Sometimes I think death metal is more about comedy. It's probably my least favorite genre of music(not just metal... music in general). Do these guys really take themselves seriously? I see their logos and just bust up laughing.


----------



## God Hand Apostle (Oct 12, 2006)

I think that's the draw for me. 

I like that many of the band members take the music part seriously, but the actual band themes and stuff can be whatever...like take BRAINDRILL for example. They shred all over the friggin' place, but then...you're called BRAINDRILL!! haha.


----------



## Tombinator (Oct 12, 2006)

It's like a Baskin Robbins' list of 31 flavors. Errr, 40.

Maybe even a bit like Pokemon. Gotta' catch 'em all!

What the fuck?!?!? No Bloodsoaked Cuntpacifier?!?!?


----------



## Donnie (Oct 12, 2006)

God Hand Apostle said:


> I think that's the draw for me.
> 
> I like that many of the band members take the music part seriously, but the actual band themes and stuff can be whatever...like take BRAINDRILL for example. They shred all over the friggin' place, but then...you're called BRAINDRILL!! haha.
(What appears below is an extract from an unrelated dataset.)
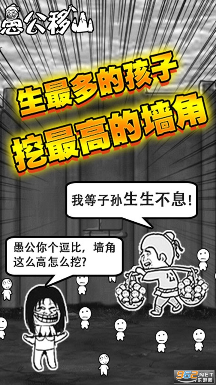 愚公移山h5是一款以愚公移山的故事为背景的休闲娱乐游戏,愚公移山h5玩法十分有趣有创意,玩家在游戏中将化身愚公,你需要不断绵延子嗣,成千上万的子孙后代不断出生,同时要防止智叟破坏生孩子行动,关卡十分奇葩有趣,精彩不停,感兴趣的玩家千万不要错过!
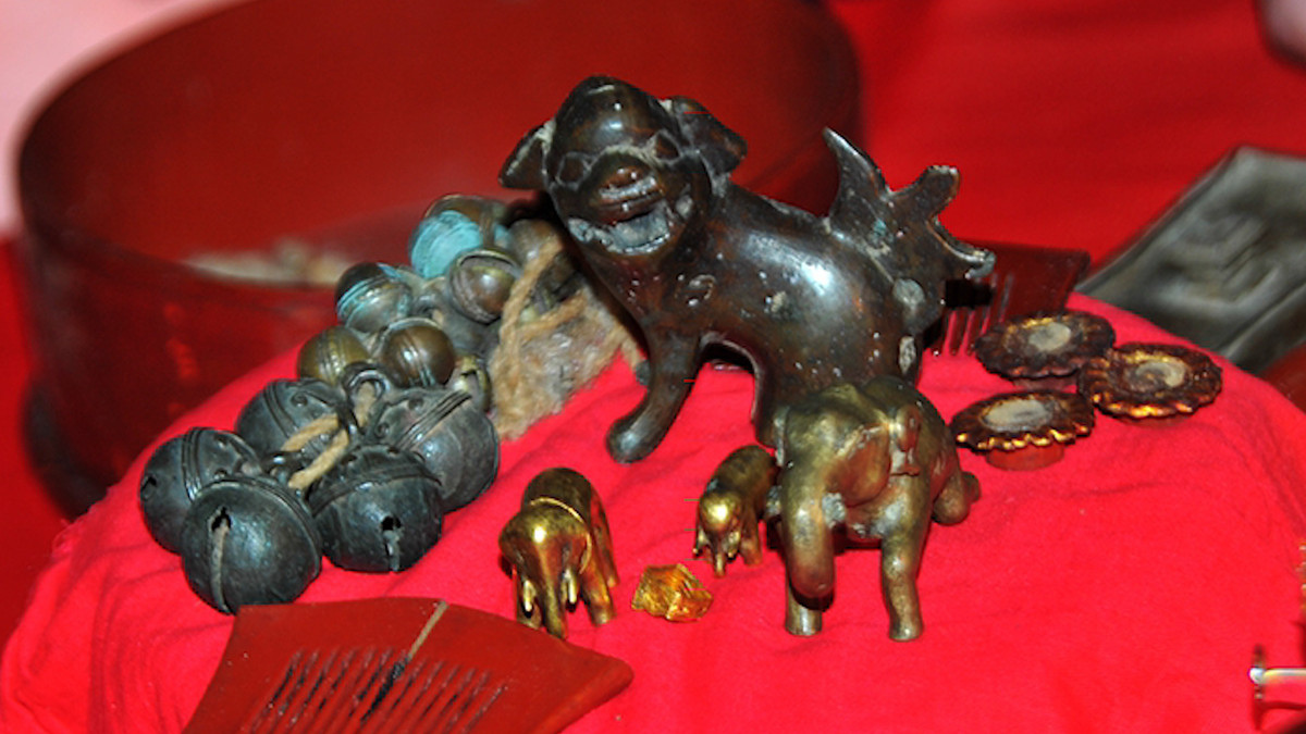 Bộ báu vật vua Hàm Nghi ban tặng tại xã Phú Gia (Hương Khê, Hà Tĩnh) gồm 2 con voi vàng, 1 con voi đồng, 2 thanh bảo kiếm… được người dân thay nhau gìn giữ.

Yeah, the actual names are usually pretty fucking awesome(and really out there) and the musicianship is stellar. I think for me the real killer is when the vocalist starts.


----------



## Naren (Oct 12, 2006)

Donnie said:


> Yeah, the actual names are usually pretty fucking awesome(and really out there) and the musicianship is stellar. I think for me the real killer is when the vocalist starts.



+1000

It always struck me as so weird. There is this AWESOME music with like a 2 minute long intro, then the vocals come in and they're mixed really low in the mix with this guy king of growl-talking in this low low voice that seems almost like a joke.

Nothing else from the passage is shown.